We must now evaluate the evidentiary sample and see if we can confirm the presence of multiple DNA contributors.
The `mhpl8r contrib` command implements a simple check for determining the minimum number of contributors by scanning the sample profile to determine the maximum number of alleles $N_{\text{al}}$ present at any single locus.
From this, it can calculate the minimum number of sample contributors $C_{\text{min}}$ as follows.

$$
C_{\text{min}} = \left\lceil\frac{N_{\text{al}}}{2}\right\rceil
$$

In [24]:
mhpl8r contrib -j profile-EVD3.json

[MicroHapulator] running version 0.4.1
{
    "min_num_contrib": 3,
    "num_loci_max_alleles": 3,
    "perc_loci_max_alleles": 0.06
}

The profile supports the presence of at least three DNA contributors in this evidentiary sample.
We must now determine which of the reference samples, if any, is a contributor.
For this we use the `mhpl8r contain` command, which calculates the "containment" of one sample profile in another.
Complete containment (or near-complete containment, allowing for genotyping error) suggests the *plausibility* that a simple single-contributor profile—the "query"—is a contributor to the a complex mixture profile—the "subject."
(Unfortunately, it cannot give positive confirmation that the query is a contributor.)
On the other hand, lack of complete or near-complete containment is strong evidence that the query is *not* a contributor to the subject.
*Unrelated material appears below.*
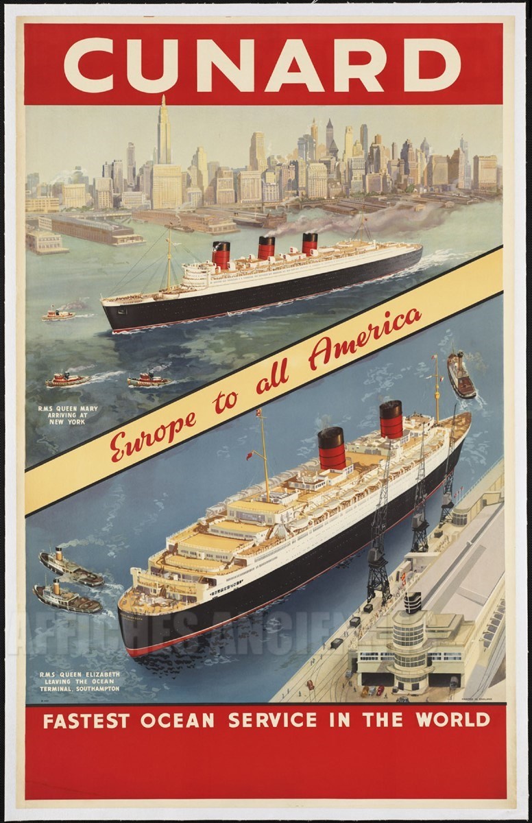 AFFICHE CUNARD LINE EUROPE TO AMERICA NEW YORK PAQUEBOT QUEEN ELISABETH SOUTHAMPTON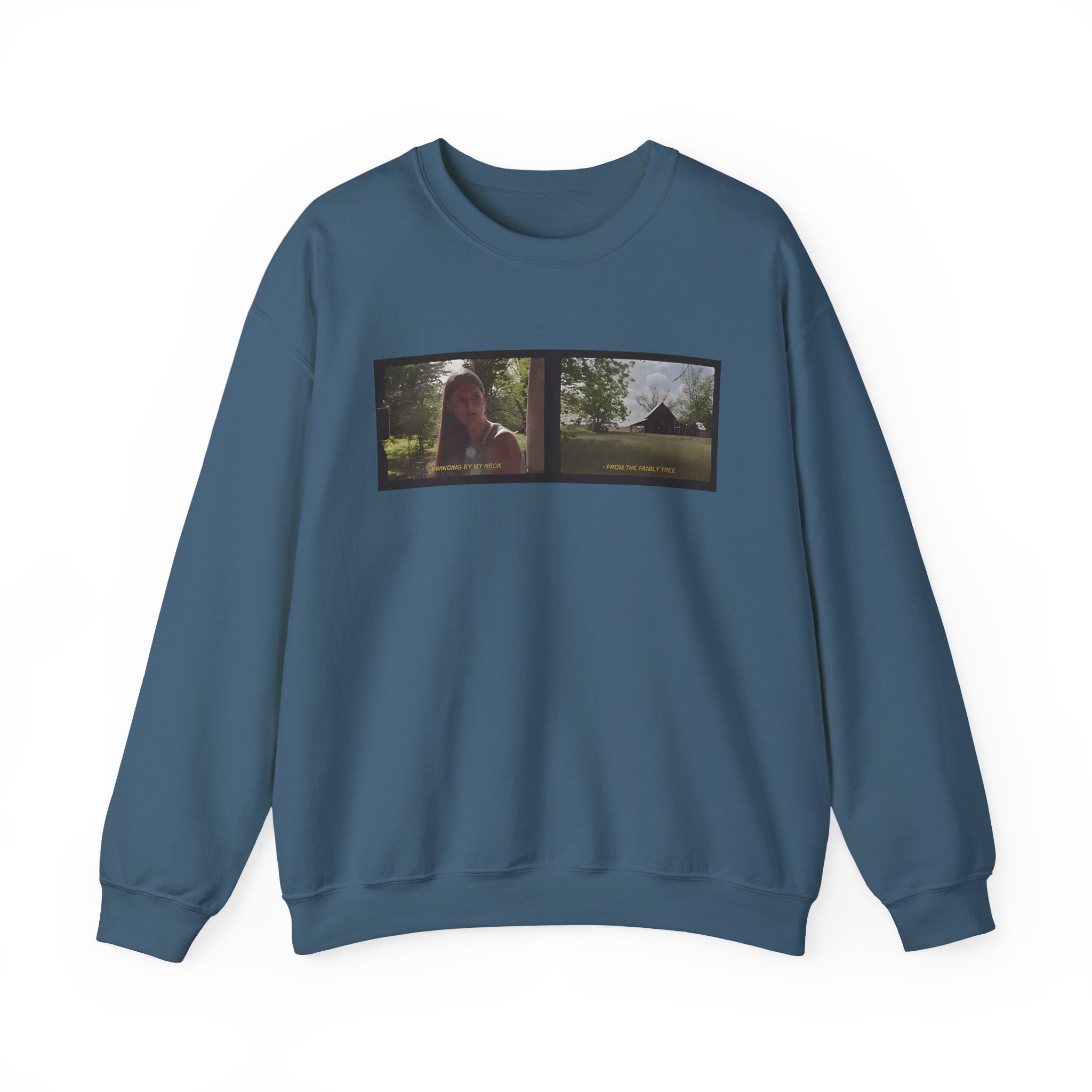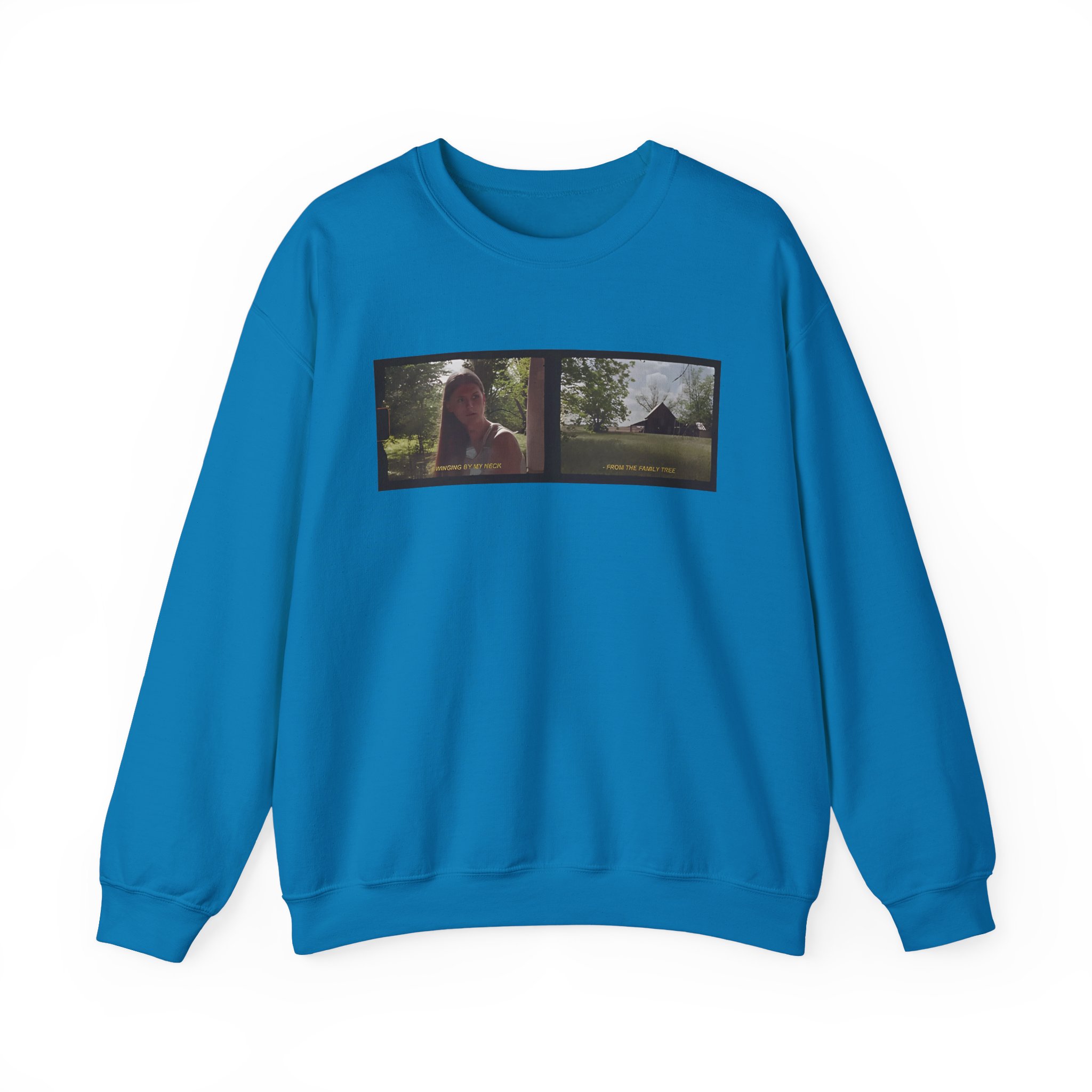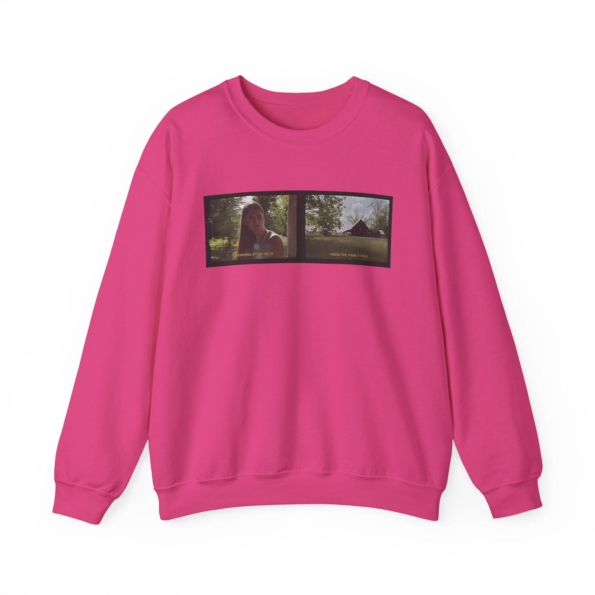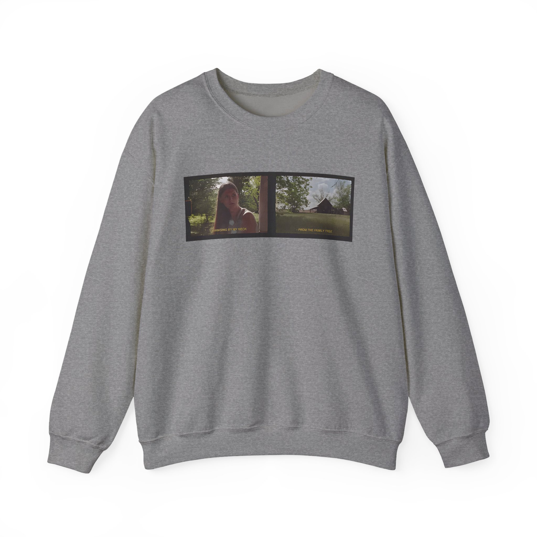 Ideal for any situation, a Ethel Cain Family Tree Film Still Nebraska unisex heavy blend crewneck sweatshirt is pure comfort. These garments are made from polyester and cotton. This combination helps designs come out looking fresh and beautiful. The collar is ribbed knit, so it retains its shape even after washing. There are no itchy side seams on these sweaters.

Let us calculate the containment of sample **REF2** in sample **EVD3**.

In [25]:
mhpl8r contain profile-EVD3.json profile-REF2.json

[MicroHapulator] running version 0.4.1
{
    "containment": 1.0,
    "contained_alleles": 83,
    "total_alleles": 83
}

This result tells us that 100% of the alleles from **REF2** are present in **EVD3**, and suggests **REF2** is a plausible contributor to **EVD3**.
What can we say about **REF3** and **REF4**?

In [26]:
mhpl8r contain profile-EVD3.json profile-REF3.json

[MicroHapulator] running version 0.4.1
{
    "containment": 0.7143,
    "contained_alleles": 60,
    "total_alleles": 84
}

In [27]:
mhpl8r contain profile-EVD3.json profile-REF4.json

[MicroHapulator] running version 0.4.1
{
    "containment": 0.6977,
    "contained_alleles": 60,
    "total_alleles": 86
}

Only about 70% of the alleles in both of these samples are present in **EVD3**, strongly suggesting that they are not contributors to the sample.

As a final note, it important acknowledge several factors that can influence the value of the containment metric.
Minor contributors to a mixture may not be fully captured by the inferred genotype profile without some refinement of analytical thresholds, and thus may have a containment value < 1.0.
The amount of input DNA and the depth of sequencing coverage also influence the ability to recover minor contributors in a sample profile.
On the other hand, numerous alleles from non-contributors will likely be present in a mixture simply by chance, and as the complexity and diversity of the mixture increases so will the containment for non-contributors.
Probabilistic genotyping methods are the preferred approach for robust interpretation of complex mixtures, although these are not yet available in MicroHapulator.